Disclosure of Invention

The invention aims at a pronunciation teaching method, which assists in analyzing error contents and provides learning or correction assistance accordingly.

According to the embodiment of the invention, the pronunciation teaching method comprises the following steps: a service account is provided in the community communication program, and a pronunciation teaching program is provided through the service account. The pronunciation teaching program comprises: the user account is provided with guidance information through the service account. The guiding message is input by the user account in a voice input mode, and the text to be evaluated converted by the voice input engine is directly transmitted to the service account. And providing an evaluation result to the corresponding user account through the service account according to the characters to be evaluated. The community communication program provides for receiving and transmitting text messages, the guide messages are words for the user to pronounce, and the evaluation result is related to the difference between the guide messages and the words to be evaluated.

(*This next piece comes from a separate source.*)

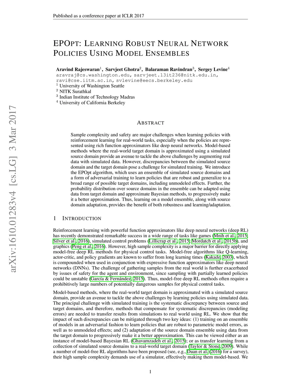 EPOpt: Learning Robust Neural Network Policies Using Model Ensembles

Based on the above, the pronunciation teaching method of the embodiment of the invention provides the voice learning robot (i.e. the service account) in the community communication program, analyzes the content converted by the voice input engine, and accordingly provides services such as error analysis, pronunciation training, or content correction. Therefore, the user can know the correct pronunciation and is convenient to learn, thereby improving the voice input efficiency and simultaneously improving the pronunciation accuracy.

Drawings

The accompanying drawings are included to provide a further understanding of the invention, and are incorporated in and constitute a part of this specification. The drawings illustrate embodiments of the invention and together with the description serve to explain the principles of the invention.

FIG. 1 is a schematic diagram of a system according to an embodiment of the invention;

FIG. 2 is a flow chart of a pronunciation teaching method according to an embodiment of the invention;

FIGS. 3A and 3B illustrate an example user interface for a social communication process.

Description of the reference numerals

1, system;

10, a server;

11. 51, a memory;

12, an evaluation module;

15. 55, a communication transceiver;

17. 57, a processor;

community communication program 52;

53, speech input engine;

59, a display;

S210-S270;

301. 306, 307, messages;

303, character input field;

304, a voice input key;

305, voice input prompt.

Detailed Description

Reference will now be made in detail to exemplary embodiments of the invention, examples of which are illustrated in the accompanying drawings. Wherever possible, the same reference numbers will be used throughout the drawings and the description to refer to the same or like parts.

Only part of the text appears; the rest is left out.